Existing generative models for audio have predominantly aimed to directly model time-domain waveforms. MelNet instead aims to model the frequency content of an audio signal. MelNet can be used to model audio unconditionally, making it capable of tasks such as music generation. It can also be conditioned on text and speaker, making it applicable to tasks such as text-to-speech and voice conversion. The full paper is available on arXiv: https://arxiv.org/abs/1906.01083.
Demo: Select a speaker and a sentence to view a spectrogram generated by MelNet. Play the audio to visualize how the frequencies change over time.
Speaker:
Text:
We begin with a brief primer on time and frequency representations of audio. A signal has equivalent representations in the time domain and the frequency domain. This notion is pervasive in the analysis of highly periodic signals such as audio waveforms. In the time domain, audio is represented as a one-dimensional waveform—amplitude as a function of time. By way of the Fourier transform, this waveform can be decomposed into a sum of periodic signals. The amplitudes and frequencies of these periodic signals constitute the waveform's frequency-domain representation, which is visualized in the animation below:
MelNet models spectrograms, which are time-frequency representations of audio. Time-frequency representations lie in-between the time and frequency domains. They preserve the high-level temporal structure of the time-domain signal, but locally apply a transformation to the frequency domain. The resulting two-dimensional representation can be thought of as a sequence of frequency responses. Time-frequency representations highlight how the tones and pitches within an audio signal vary through time. Intuitively, such a representation could be helpful for modelling data such as music, as salient structure such as notes are easier to observe and ostensibly easier to model. To further align our representations with human perception, we transform the frequency axis of the spectrogram to the Mel scale. The Mel scale is designed to emphasize frequencies which are more important to human perception.
In addition to being well-aligned with human perception, spectrograms offer potential benefits from a modelling standpoint. Modelling long-range dependencies in audio waveforms is challenging because a single second of audio spans tens of thousands of timesteps in the time domain. However, the same signal spans only several hundreds of timesteps in spectrograms, potentially easing the task of capturing long-range temporal dependencies.
Spectrograms have been the preferred representations for the vast majority of discriminative tasks involving audio, so it seems natural to use spectrograms for generative modelling as well. To model the distribution over spectrograms, we devise a highly expressive model which synthesizes many recent advances in autoregressive modelling.
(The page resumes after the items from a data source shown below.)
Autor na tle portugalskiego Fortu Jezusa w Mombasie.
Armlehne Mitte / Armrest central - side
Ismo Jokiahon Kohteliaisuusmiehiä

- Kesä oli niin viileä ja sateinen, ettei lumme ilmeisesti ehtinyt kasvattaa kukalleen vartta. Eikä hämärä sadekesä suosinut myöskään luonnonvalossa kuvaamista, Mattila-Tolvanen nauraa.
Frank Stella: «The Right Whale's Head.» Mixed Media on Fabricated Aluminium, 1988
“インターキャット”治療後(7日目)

Autoregressive models learn to model complex, high-dimensional distributions by modelling a sequence of simpler distributions. This approach, whereby a model is trained to predict one element at a time, has been successfully applied to a wide variety of data modalities—including images, text, and waveforms. MelNet applies this same approach to the modelling of spectrograms. Much like autoregressive image models such as PixelCNN estimate a distribution pixel-by-pixel over the spatial dimensions of an image, MelNet estimates a distribution element-by-element over the time and frequency dimensions of a spectrogram.
We experiment with two different autoregressive orderings. The first is a simple time-major ordering which proceeds through each spectrogram frame from low to high frequency, before progressing to the next frame. The second is a multiscale ordering which is visualized below and further described in the following section.
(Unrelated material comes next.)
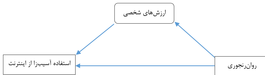
شکل ۱- مدل مفهومی استفاده آسیب‌زا از اینترنت بر اساس روان‌رنجوری و نقش میانجی‌گری ارزش‌های شخصی

(۵۲)، اختلال وسواسی-اجباری (۵۳)، اختلال سوءمصرف مواد (۴۱) و سرطان (۵۴) مورد تأیید قرار گرفته است، ولی تاکنون پژوهش خاصی که بر روی ارتباط ارزش‌های شخصی و اعتیاد به اینترنت متمرکز شده باشد، انجام نشده است که با توجه به ماهیت اعتیادی این رفتار و شیوع زیاد آن در جامعه پرداختن به این مسأله می‌تواند از جایگاه مهمی برخوردار باشد. چرا که نتایج پژوهش‌های بی‌شماری که در بالا اشاره شد، از این یافته حمایت می‌کنند که یکی از خلاءهای موجود در آسیب‌شناسی شناختی رفتاری اختلال‌های روانشناختی نپرداختن به ارزش‌های شخصی افراد به‌عنوان یک عامل محافظت‌کننده در ارتباط با آسیب‌پذیری نسبت به طیف زیادی از پیامدها و مشکلات روانشناختی است. ارزش‌های شخصی افراد به عنوان یک بعد پیچیده و درهم‌تنیده روانی، اجتماعی، فرهنگی و معنوی (۴۲) می‌تواند تحمل درد و پریشانی را برای رسیدن به اهداف متعالی و بلندمدت محقق کند و از آنجایی که کشور ایران یک کشوری با الگوهای ارزشی کهن است (۵۵)، پرداختن به این ارزش‌ها در

One drawback of autoregressive models is that they tend to learn local structure much better than global structure. When modelling images with a standard row-major ordering, this results in generated samples which have realistic textures but lack coherent high-level structure at the level of objects and higher-level scene composition. This problem is particularly noticeable when modelling high-dimensional distributions. Since we aim to model spectrograms with hundreds of thousands of dimensions, it's essential to introduce measures to counteract these effects. To this end, we use a multiscale model which generates spectrograms in a coarse-to-fine order. A low-resolution, subsampled spectrogram that captures high-level structure is generated initially, followed by an iterative upsampling procedure that adds high-resolution details. By generating spectrograms in this manner, it is possible to decouple the tasks of learning local and global structure.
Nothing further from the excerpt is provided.